A retrospective analysis of the first 79 cases assessed with cGS CNV calling revealed that 15% had clinically significant CNV findings. This included variants that spanned from 23 kb to trisomies and unbalanced translocation events that were disambiguated using anomalous short-read support and interrogation of small variant phasing. We note that this cohort represents a sampling of families from diverse geographic and socioeconomic backgrounds, some of whom had unclear or undocumented prior genetic testing. Future randomized control trials will be best placed to make systematic assessments of cGS performance compared with standard of care, but this study has nonetheless demonstrated that the addition of CNV calling to a currently deployed small variant calling pipeline is likely to improve diagnostic efficacy in a pediatric genetic disease population.

Indeed, in families with previous genetic testing, cGS may still identify new variants and provide a diagnosis. For example, in the case of a child (P14, Table 2) who had a previous negative clinical exome, cGS was able to identify a pathogenic 1.7-MB deletion indicative of 16p13.11 microdeletion syndrome.

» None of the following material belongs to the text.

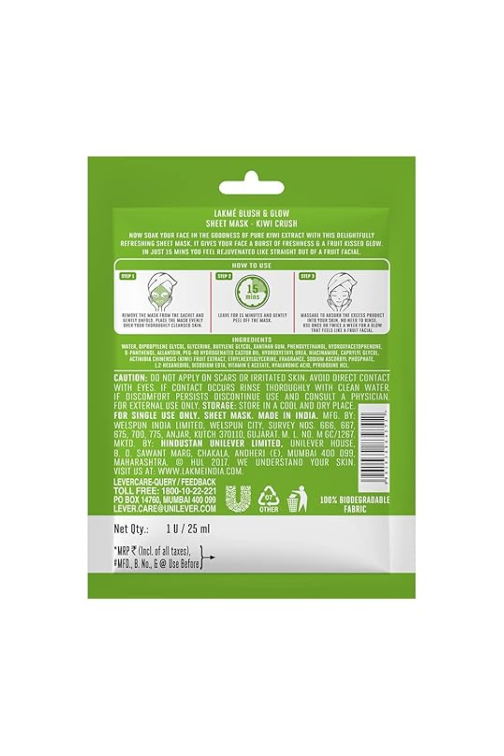 - Lakme Blush & Glow Kiwi Sheet Mask, 25ml

In subject P16 (Table 2) we observed trisomy 21 in the subject consistent with a preexisting Down syndrome diagnosis, but were also able to identify a likely pathogenic SNV within the ACTA1 gene conferring the additional diagnosis of an inherited nemaline myopathy. Finally in P12, we observed a 26-kb deletion in noncoding region upstream of a long noncoding RNA (MEG3), which may not have been observed by some commercial microarrays or by exome sequencing.

As sequencing costs continue to decrease, the use of a genome diagnostic as a first-line test may become more likely—especially if additional test elements can be implemented that replicate, or improve upon, the current molecular test repertoire. In addition to the CNV calling described here, future improvements are likely to include the detection of small copy-number variants between 50 bp and 10 kb and the systematic detection of mosaic CNVs, especially for large copy-number variants where cGS has sufficient data to detect low purity alterations.39 We further anticipate that the employment of specialized variant callers will allow for the disambiguation of complex variant types, including those associated with spinal muscular atrophy40 and repeat expansions.9

Overall, the data presented here indicate that CNV calling from cGS is robust and can benefit patients with a suspected genetic disease. Further algorithmic improvements, and the availability of large PCR-free genome reference sets, are likely to further increase both the sensitivity and the specificity of the assay and improve its diagnostic efficacy.